The Taylor expansion locally fits a polynom based on the n first derivatives.
If you want to find the "best" nth-degree polynom to approximate the sine function, functional analysis gives the tools for solving that optimization in closed form.
By selecting an appropriate norm (in function space) you can minimize either the maximum error or the error integral over some range (e.g. the 0-\pi range).
Here's a video on the subject. You might want to watch earlier ones also for more context.
It’s worth noting that for fixed-precision math libraries, we usually want the best approximation in the (possibly weighted) L-inf sense, which doesn’t generally have a closed-form solution, so we use iterative methods to generate approximations instead.
Seems also worth noting that although the usual algorithm for finding the minimax polynomial is the very old Remez algorithm, I'm playing with a minimax finder that relies on what I think is a novel algorithm. My algorithm seems better than Remez, and certainly beats it (as in, finds the solution when Remez can not) in many cases, even though I don't have an analysis of the algorithm.
The main idea is to use linear programming with some chosen points from the interval to look for the polynomial that approximates the chosen function over that interval. Unlike Remez, this enables control over which individual points from the interval are chosen as representatives, which enables avoiding ill-behaved points.
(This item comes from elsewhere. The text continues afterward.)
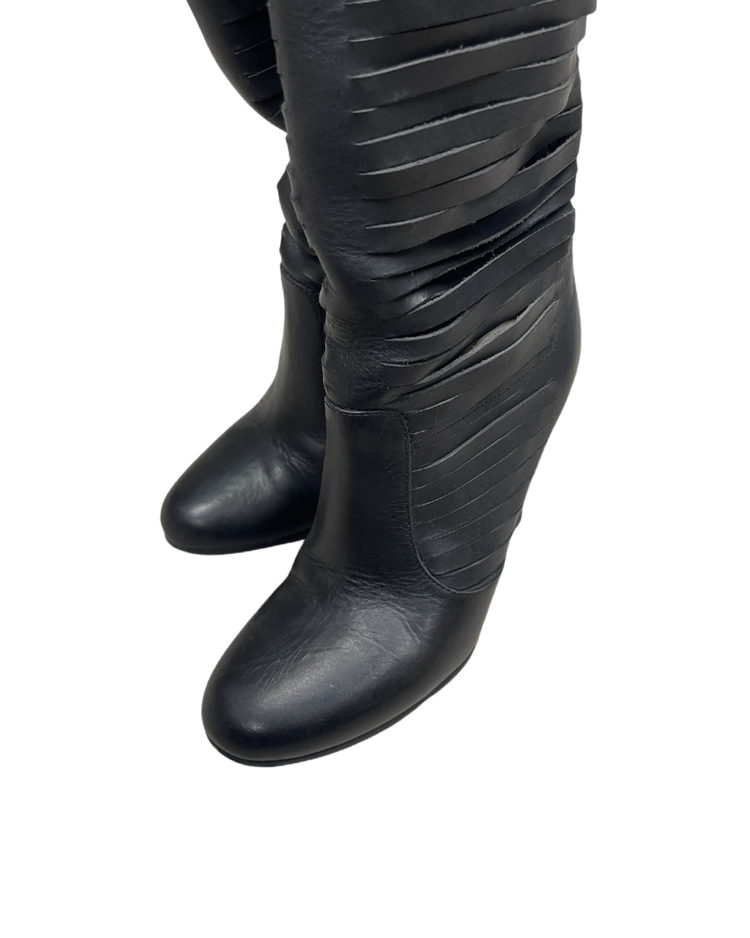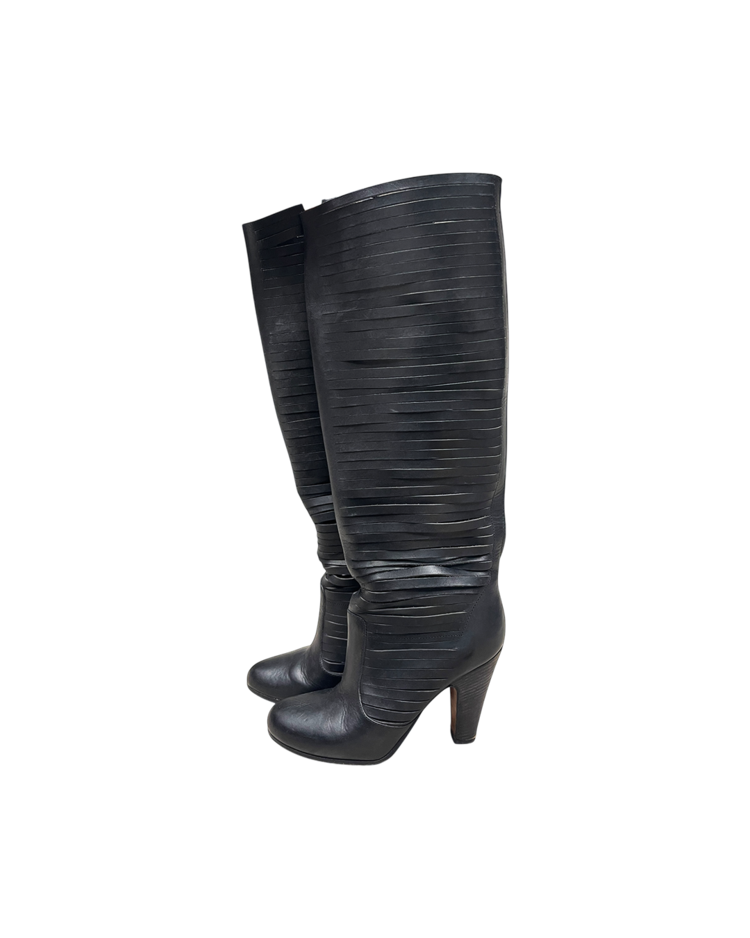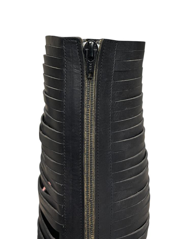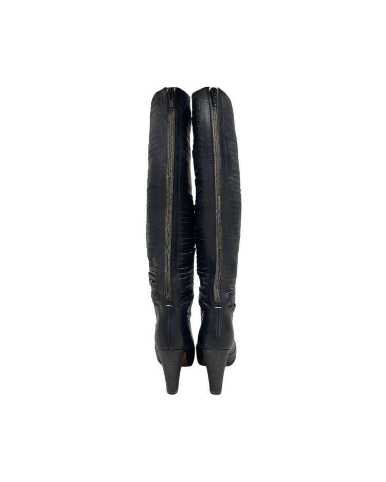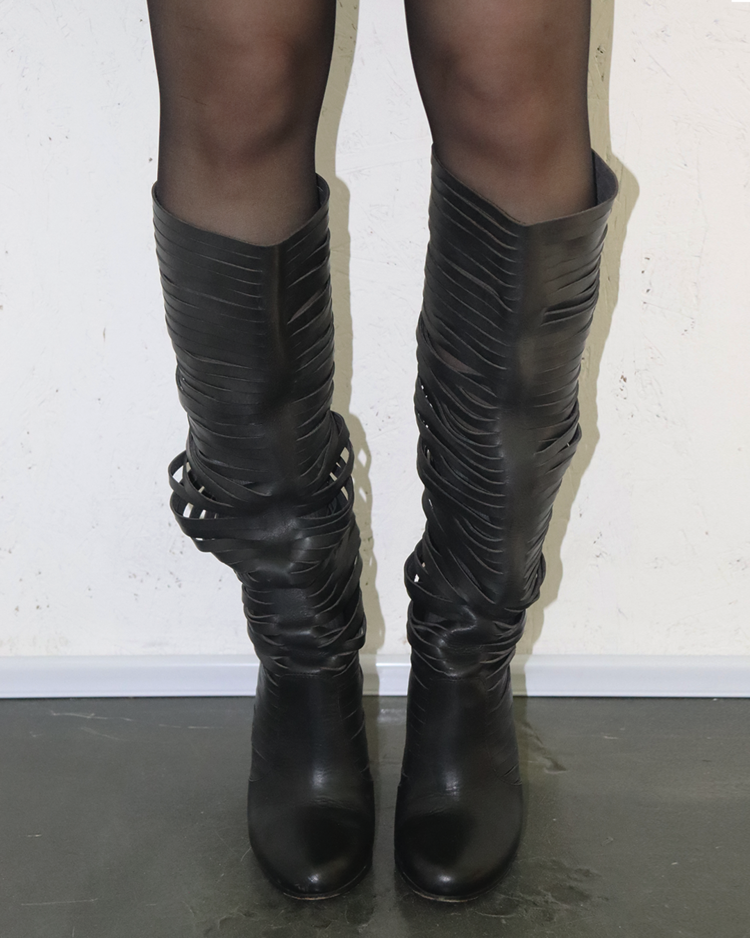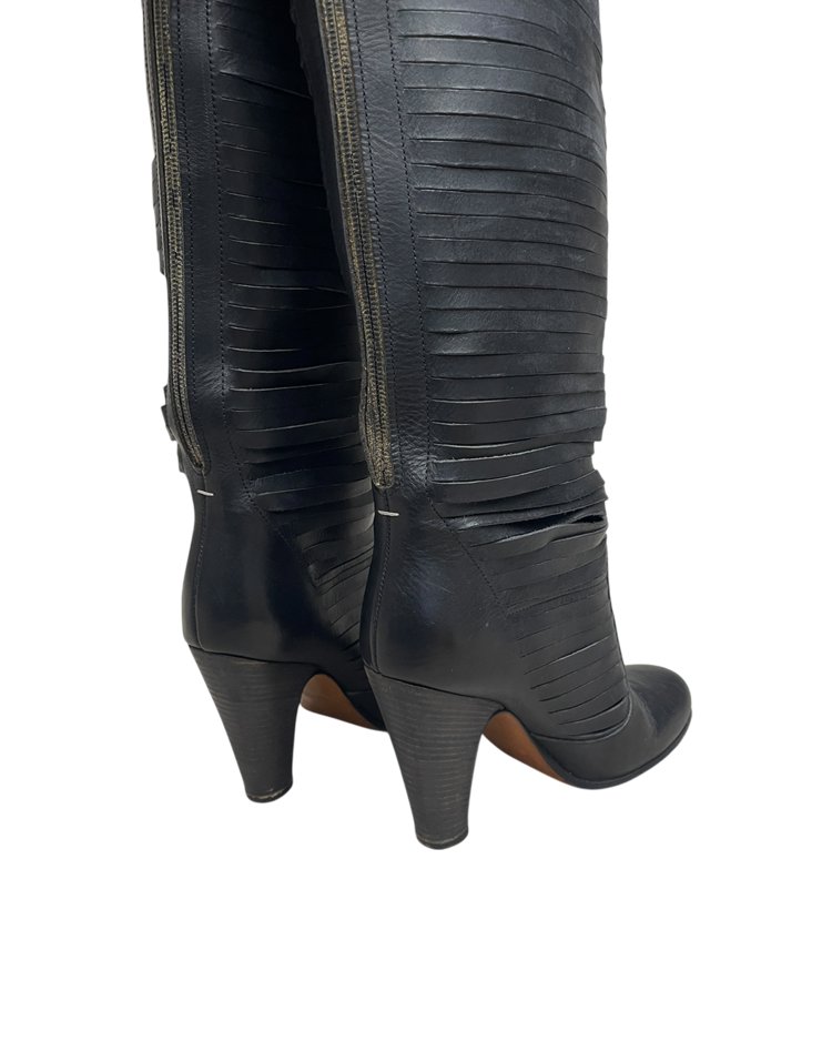 마틴 마르지엘라 08SS 시즌의 상징적인 슬래쉬드 디테일 롱 부츠입니다. 가죽을 얇게 절개하여 스타일링에 따라 미묘하게 형태가 변하는 독특한 질감을 연출합니다. 하이힐 구조와 유려한 실루엣이 결합되어 조형적이면서도 실험적인 매력을 보여주는 아카이브 피스입니다. 지퍼에 사용감 존재합니다.

An example of where this leads to improvements over Remez is when optimizing relative error: Remez would trip over zeros of the function, because they cause singularities in the relative error, however my algorithm works (by avoiding ill-behaved points) as long as the discontinuities are removable.
My algorithm is also a lot more flexible than Remez', for example it allows optimizing over multiple intervals instead of a single one.
1. Their LP constraint matrix is just a Vandermonde matrix according to the linked paper, while my code formulates the LP problem in a smarter way that should make the job much easier for the LP solver. I guess this improvement would be easy to adopt on their end.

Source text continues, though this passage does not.